▶ **TRY IT**
Below are some records. Write out exactly their lines from the one with "会议上通报,5月份,济宁全市" through the one with "Prekės ženklas- Bollire.", and leave the pictures behind.

*** GIVEN ENTRIES ***

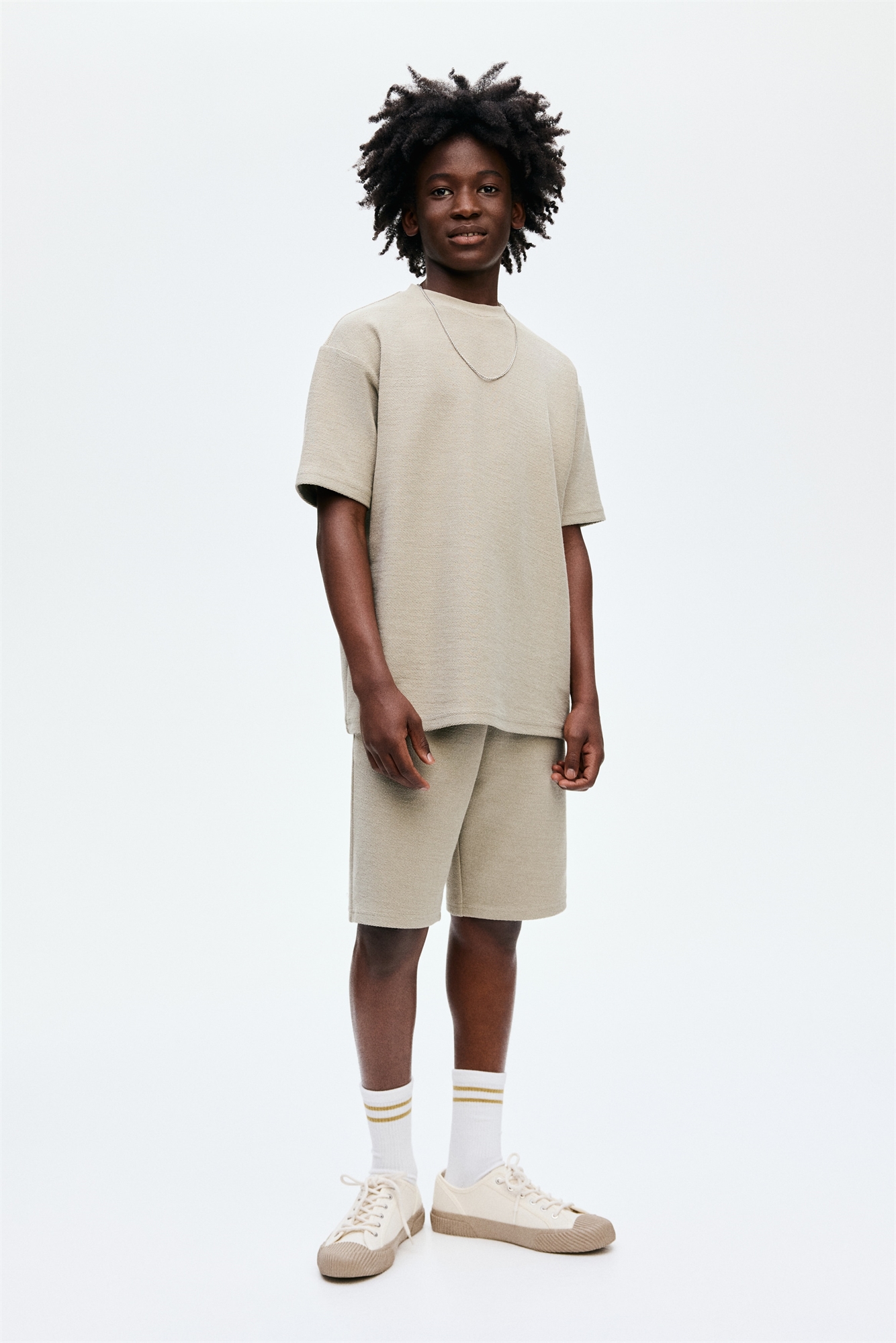 Комплект из футболки и шорт из легкой, фактурной ткани свитшот. Футболка с круглым вырезом и спущенными плечами. Шорты с эластичным утягивающим поясом и неброскими боковыми карманами.
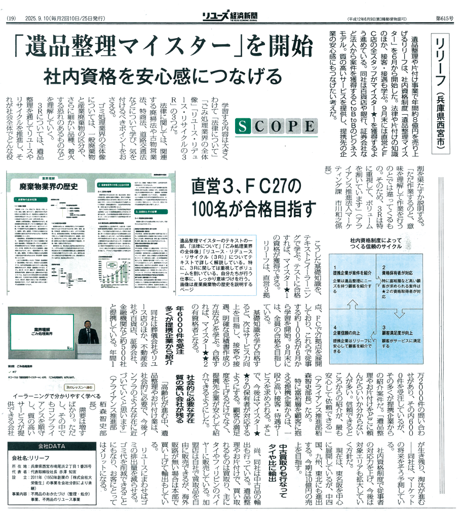 2025年9月13日発行の『リユース経済新聞』では、リリーフの「遺品整理マイスター」制度が詳しく紹介されました。
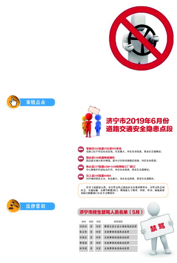 会议上通报,5月份,济宁全市共查处酒驾、醉驾违法行为2387起,吊销驾驶证333本,刑事拘留14人,行政拘留36人。另外,本月还有5人因醉酒后发生重大事故构成犯罪、交通肇事逃逸构成犯罪,被依法终生禁驾。这5人中年龄最大的38岁,最小的24岁,分别被判处有期徒刑和缓刑。同时还通报了济宁市2019年6月份道路交通安全隐患点段。
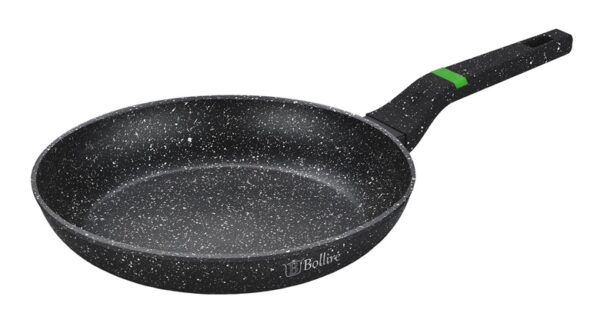 Prekės ženklas- Bollire. Artikulas- BR-1005. Aukštis- 5 cm. Skersmuo- 28 cm. Spalva- Juoda. Medžiaga- Aliuminis. Paviršiaus padengimas- Nelimpanti danga. Tinka viryklėms- Indukcinėms, Dujinėms, Elektrinėms. Su dangčiu- Ne. Galima plauti indaplovėje- Taip. Skirta- Standartinė keptuvė. Naudojimas- Pirmą kartą naudojant keptuvę, reikia išplauti šiltu muiluotu vandeniu ir nusausinti; ištepti riebalais arba aliejumi. Nenaudoti plieninių šveistukų, šiurkščių kempinėlių, orkaičių valiklių, baliklių ar stiprių abrazyvinių valiklių. Negalima perkaitinti ir kaitinti tuščios keptuvės. Defektai, atsiradę dėl perkaitinimo, nebus kompensuojami. Tinka visų rušių viryklėms, taip pat ir indukcinėms. . Garantija- 24 mėn. Papildoma informacija- Aukštis: 5 cm. Rankenos medžiaga: Bakelitas.
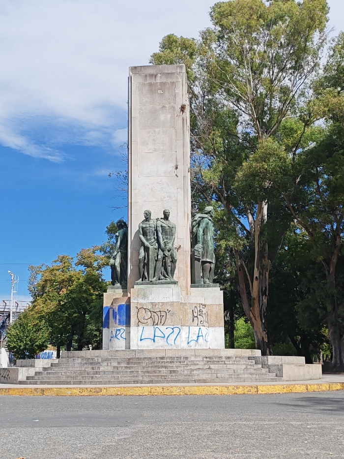 The scene depicts the Monument to the Heroes of Malvinas in Plaza Malvinas, La Plata, Argentina

*** End of GIVEN ENTRIES ***

▶ **EXERCISE SOLUTION**
 会议上通报,5月份,济宁全市共查处酒驾、醉驾违法行为2387起,吊销驾驶证333本,刑事拘留14人,行政拘留36人。另外,本月还有5人因醉酒后发生重大事故构成犯罪、交通肇事逃逸构成犯罪,被依法终生禁驾。这5人中年龄最大的38岁,最小的24岁,分别被判处有期徒刑和缓刑。同时还通报了济宁市2019年6月份道路交通安全隐患点段。
 Prekės ženklas- Bollire. Artikulas- BR-1005. Aukštis- 5 cm. Skersmuo- 28 cm. Spalva- Juoda. Medžiaga- Aliuminis. Paviršiaus padengimas- Nelimpanti danga. Tinka viryklėms- Indukcinėms, Dujinėms, Elektrinėms. Su dangčiu- Ne. Galima plauti indaplovėje- Taip. Skirta- Standartinė keptuvė. Naudojimas- Pirmą kartą naudojant keptuvę, reikia išplauti šiltu muiluotu vandeniu ir nusausinti; ištepti riebalais arba aliejumi. Nenaudoti plieninių šveistukų, šiurkščių kempinėlių, orkaičių valiklių, baliklių ar stiprių abrazyvinių valiklių. Negalima perkaitinti ir kaitinti tuščios keptuvės. Defektai, atsiradę dėl perkaitinimo, nebus kompensuojami. Tinka visų rušių viryklėms, taip pat ir indukcinėms. . Garantija- 24 mėn. Papildoma informacija- Aukštis: 5 cm. Rankenos medžiaga: Bakelitas.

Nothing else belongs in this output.